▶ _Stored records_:
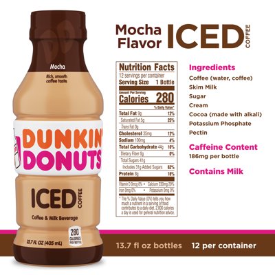 They will be available in the refrigerated section of grocery, convenient, and dunkin' donuts stores nationwide. Name a more iconic duo. Contactless delivery and your first delivery is free! February 22nd 2021, 6:26 am. Dunkin' donuts bottled iced coffee is available in four delicious flavors, including mocha, french vanilla, original and espresso. Caffeine values can vary greatly based on the variety of coffee/tea and the brewing equipment/steeping method used. 4.8 out of 5 stars. 4.4 out of 5 stars with 23 ratings. Dunkin' donuts bottled ice coffee 12 pack (espresso) 4.6 out of 5 stars. This is just about 8 mg more than what. Through an agreement announced last september, the. These are popular grocery store grabs for my teenager. Starbucks doubleshot, espresso + cream, 6.5 ounce, 12 pack.
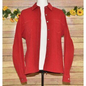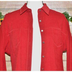 Wrangler Riata Ladies L Red Heavy Shirt Shacket Button Front Western Cowgirl
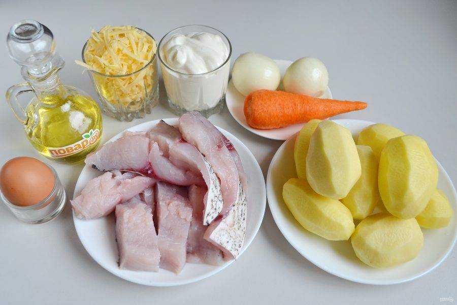 Полноценное рыбное блюдо в духовке с картошкой получается сытным, пряным и очень вкусным. Для готовки требуется 1 кг рыбы, картофеля 6–7 шт., большая луковица и морковка, майонезный соус – 50 г, по усмотрению – соль и порошковые черный перец.
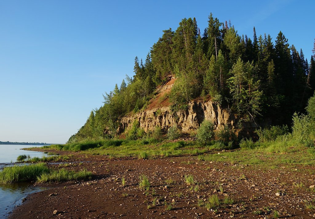 В отличие от левого, правый берег реки Камы на этом участке крут, и река прижимает к нему свое русло. Получается длинный Красноборский плес, тянущийся почти прямо километров на двадцать пять. Берег представляет край третьей террасы с выходами у самого бечевника коренных пермских пород. Высота обрыва местами доходит до 50 м. Над его желтовато- красноватым краем, выше с. Красный Бор, нависает сосновый бор, занимающий вершину берега. Из-за чистого, озонированного воздуха этот бор получил название «пьяного» — так прежде назывался и поселок. Край берега изрезан многочисленными глубокими, оврагами, густо заросшими то хвойным, то лиственным лесом. Получается картина несколько дикой, но прекрасной местности глухих лесных оврагов. У самого подножья обрыва летом располагается пристань Красный Бор.
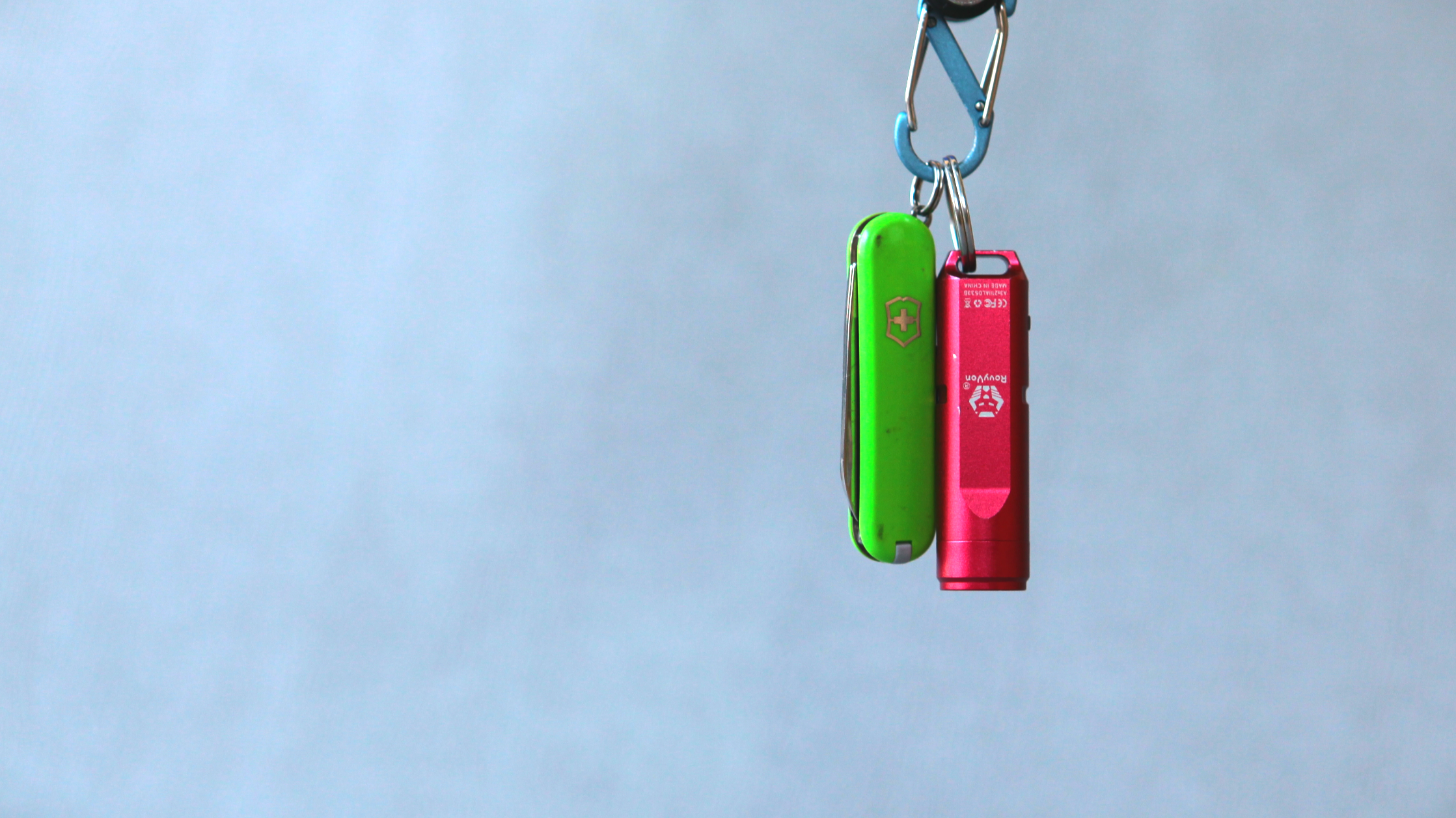 그래서 만든 게 이 조합이다. 평소에는 자동차 스마트키 열쇠고리에 끼어 가지고 다니고 자연으로 나갈 땐 사코슈나 배낭의 키홀더에 걸어 언제라도 간단하고 빠르게 꺼내 쓸 수 있도록 준비한다. 홋카이도에서 자전거를 탈 때도 이 칼과 등의 조합은 프런트백 키링에 걸려 있었다. 다행스럽게도 쓸 일은 많지 않았다. 체인이 뒷바퀴 허브에 끼었을 때 미니 랜턴으로 패니어 사이를 비추어 체인이 어디에 어떻게 끼었는지를 알 수 있었고, 맛나다는 홋카이도 우유를 종이팩으로 샀을 때 칼로 꼭지를 뗄 수 있었다. 밤에 화장실을 갈 땐 손가락 크기의 랜턴이 유용했고, 토마토 잘라 후추를 뿌려먹을 땐 저 작은 칼 이상이 필요하지 않았다.
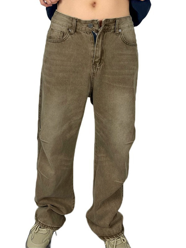 Vintage geraffte Low-Rise-Boyfriend-Jeans
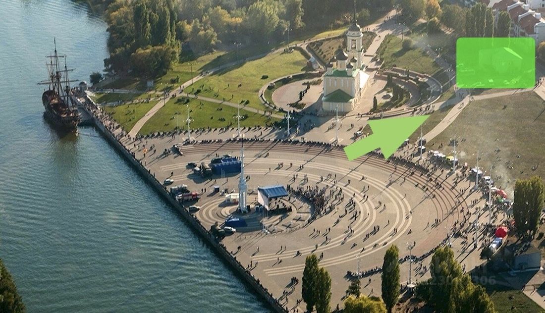 Центр Воронеж-Сити. У входа на Петровский остров.
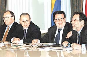 ロシアを訪問した欧州連合(EU)首脳代表団とプーチン大統領が17日、モスクワ・クレムリン宮での会談途中、楽しそうに笑っている。左からEU議長国、スウェーデンのペーション首相、プーチン大統領、EU執行委員長、EU外交安保委員長。
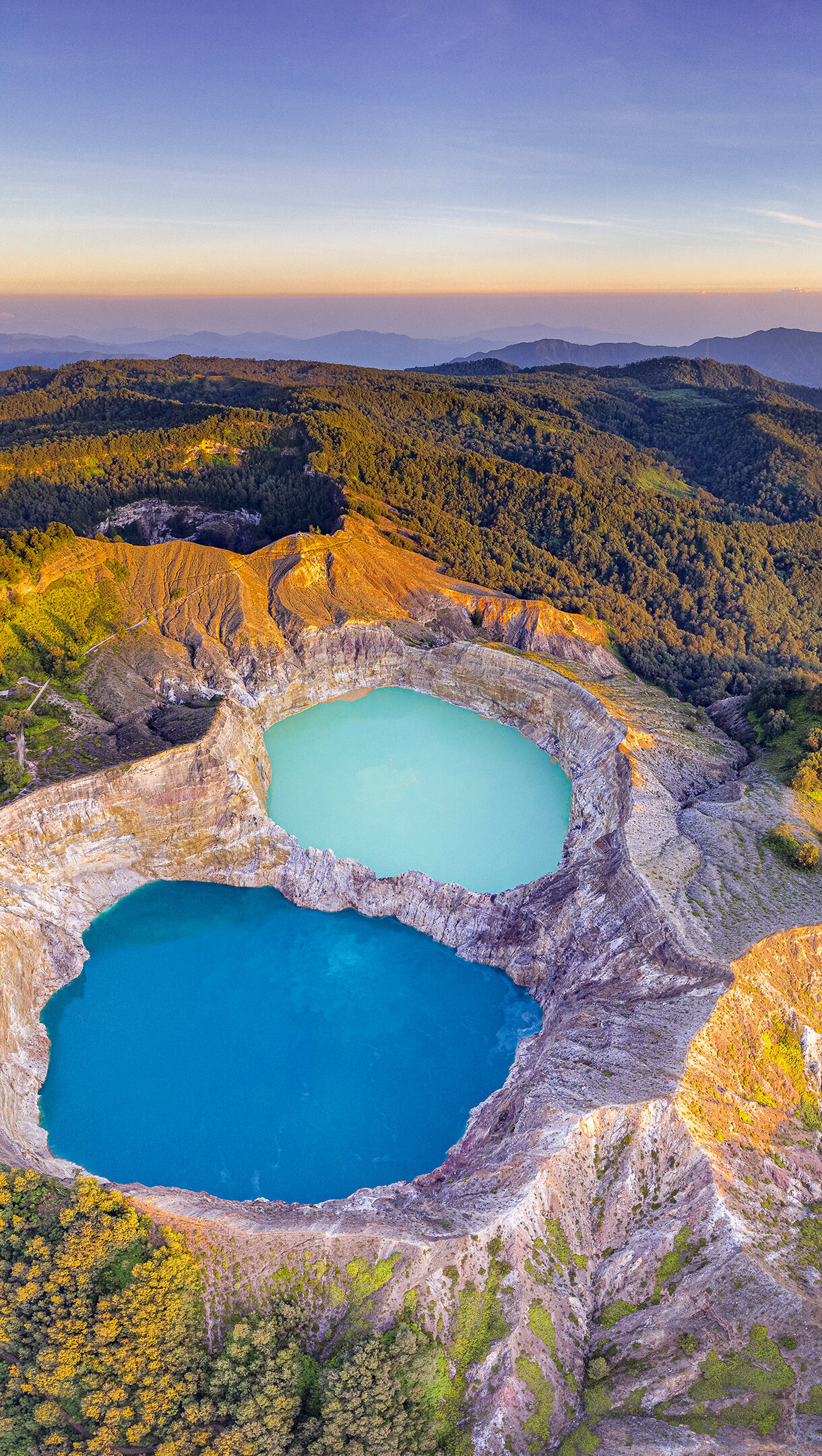A captivating 4K wallpaper showcases the unique Kelimutu Volcanic Crater Lakes at sunrise, nestled within lush, rugged mountains. The two distinct lakes glow with vibrant blue and light turquoise hues, dramatically illuminated by the rising sun's golden light that bathes the rugged crater walls and surrounding forested peaks.
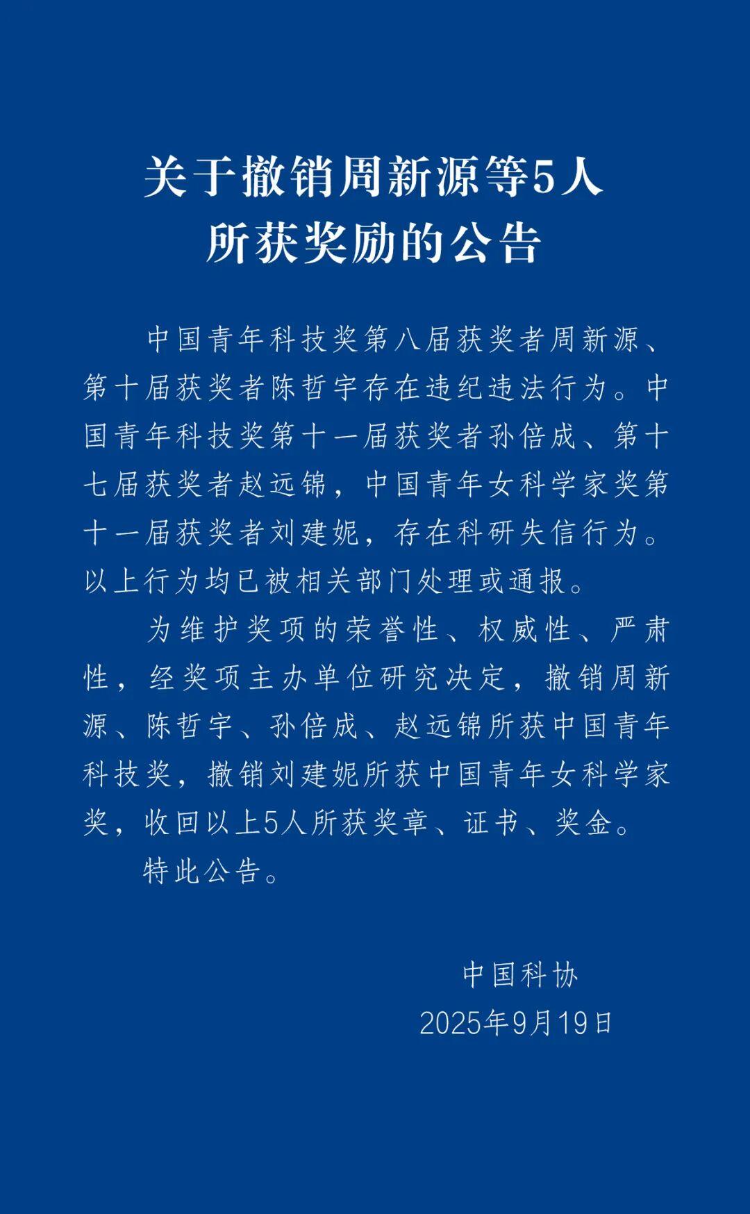 为维护奖项的荣誉性、权威性、严肃性,经奖项主办单位研究决定,撤销周新源、陈哲宇、孙倍成、赵远锦所获中国青年科技奖,撤销刘建妮所获中国青年女科学家奖,收回以上5人所获奖章、证书、奖金。

▶ _WHAT TO WORK ON_:
Each line from the first line of the data above through the one containing "Wrangler Riata Ladies" must be set down exactly; the pictures must not be.

▶ _EXERCISE ANSWER_:
 They will be available in the refrigerated section of grocery, convenient, and dunkin' donuts stores nationwide. Name a more iconic duo. Contactless delivery and your first delivery is free! February 22nd 2021, 6:26 am. Dunkin' donuts bottled iced coffee is available in four delicious flavors, including mocha, french vanilla, original and espresso. Caffeine values can vary greatly based on the variety of coffee/tea and the brewing equipment/steeping method used. 4.8 out of 5 stars. 4.4 out of 5 stars with 23 ratings. Dunkin' donuts bottled ice coffee 12 pack (espresso) 4.6 out of 5 stars. This is just about 8 mg more than what. Through an agreement announced last september, the. These are popular grocery store grabs for my teenager. Starbucks doubleshot, espresso + cream, 6.5 ounce, 12 pack.
 Wrangler Riata Ladies L Red Heavy Shirt Shacket Button Front Western Cowgirl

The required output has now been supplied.